### Problem description
Set down the data below without change, skipping the pictures it holds.

### Available data
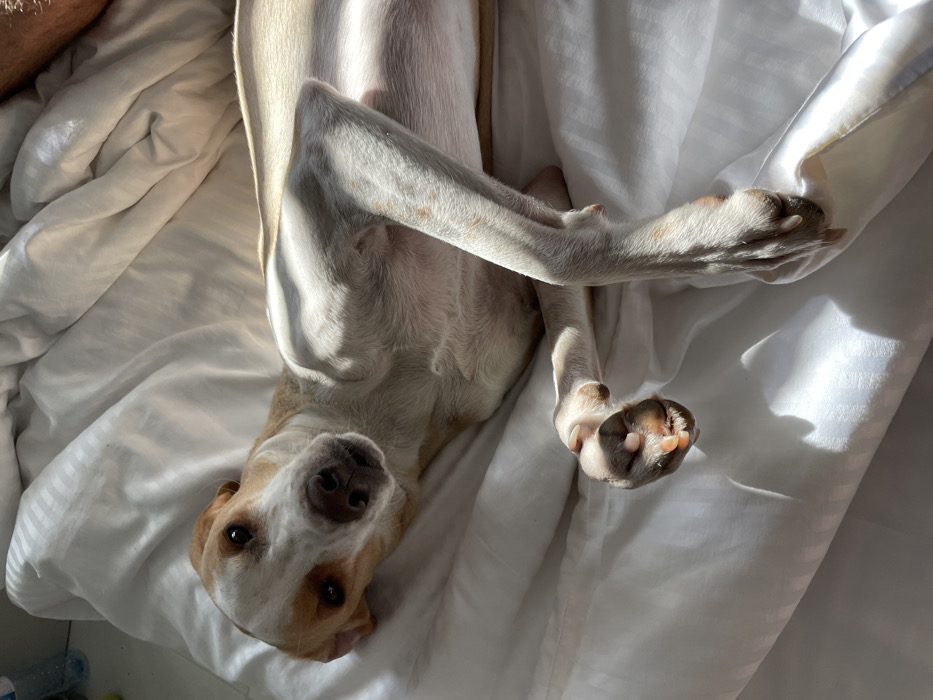 A tan and white canine is observed lying on its left side on white, horizontally striped bedding within an indoor setting. The dog's head is tilted, presenting a direct gaze towards the viewer. Tan fur marks the dog's ears, around its dark eyes, and across its muzzle, contrasting with its predominantly white underbelly and limbs. Distinct shadows from an external light source (likely sunlight) fall across the dog's body and the rumpled sheets. The dog's front paws are visible, displaying light-colored nails. Small, reddish-brown dermal spots are present on the fur of its right front leg. In the upper left background, a blue water bottle is partially visible on a white surface. A human limb, consistent with a leg or arm, is partially obscured by the white bedding in the upper right background. This scene is located in Petrovac centar, Montenegro.
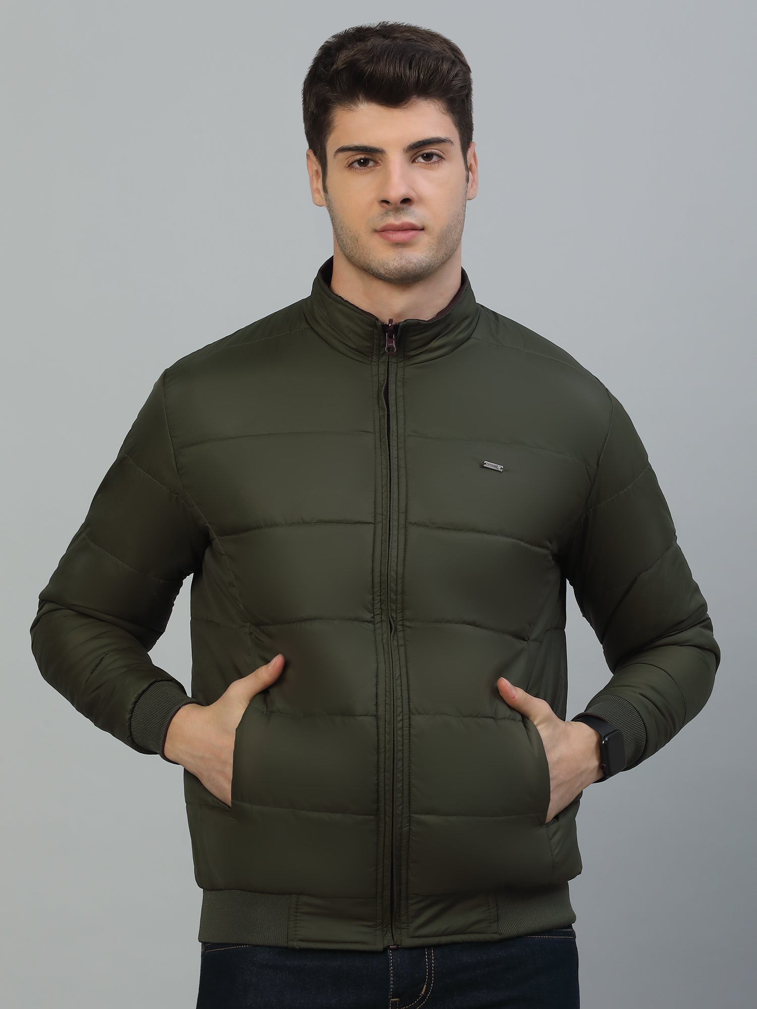 Reversible Jacket for Men | Premium Casual Jacket Smart Fit Mock Neck Poly Blend Fabric Solid Pattern
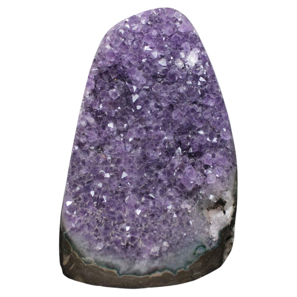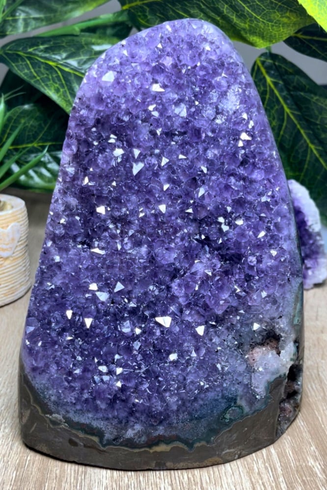 - المظهر: يتميز حجر الجمشت دروزي بعدد لا يحصى من نقاط الكريستال الصغيرة، مما يخلق سطحًا لامعًا يتلاعب بالضوء. اللون الأرجواني الغني يرمز إلى الروحانية والحدس.
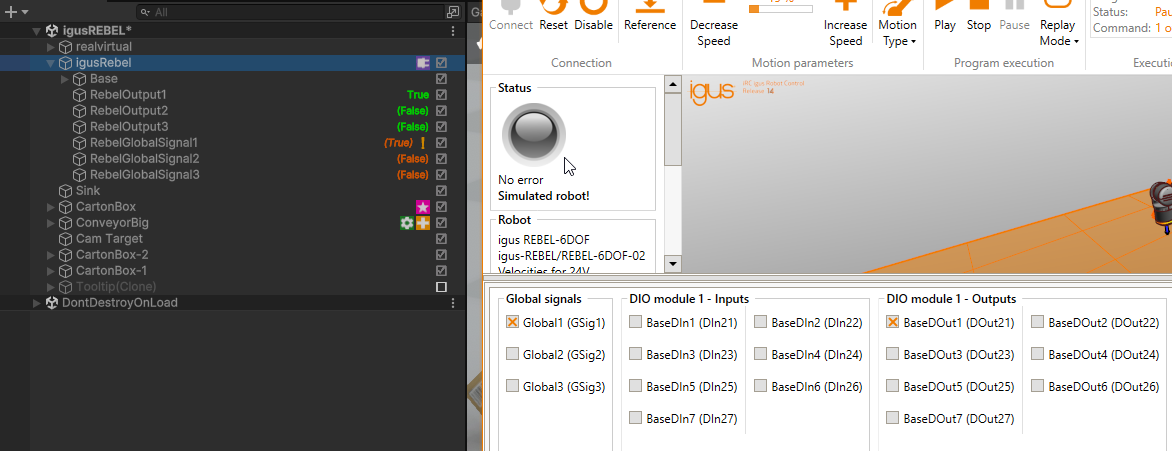 **Note**: Digital Inputs on the igus robot cannot be controlled directly from the simulation. These inputs are controlled by the robot controller. Use Global Signals instead.

### Task solution
 A tan and white canine is observed lying on its left side on white, horizontally striped bedding within an indoor setting. The dog's head is tilted, presenting a direct gaze towards the viewer. Tan fur marks the dog's ears, around its dark eyes, and across its muzzle, contrasting with its predominantly white underbelly and limbs. Distinct shadows from an external light source (likely sunlight) fall across the dog's body and the rumpled sheets. The dog's front paws are visible, displaying light-colored nails. Small, reddish-brown dermal spots are present on the fur of its right front leg. In the upper left background, a blue water bottle is partially visible on a white surface. A human limb, consistent with a leg or arm, is partially obscured by the white bedding in the upper right background. This scene is located in Petrovac centar, Montenegro.
 Reversible Jacket for Men | Premium Casual Jacket Smart Fit Mock Neck Poly Blend Fabric Solid Pattern
 - المظهر: يتميز حجر الجمشت دروزي بعدد لا يحصى من نقاط الكريستال الصغيرة، مما يخلق سطحًا لامعًا يتلاعب بالضوء. اللون الأرجواني الغني يرمز إلى الروحانية والحدس.
 **Note**: Digital Inputs on the igus robot cannot be controlled directly from the simulation. These inputs are controlled by the robot controller. Use Global Signals instead.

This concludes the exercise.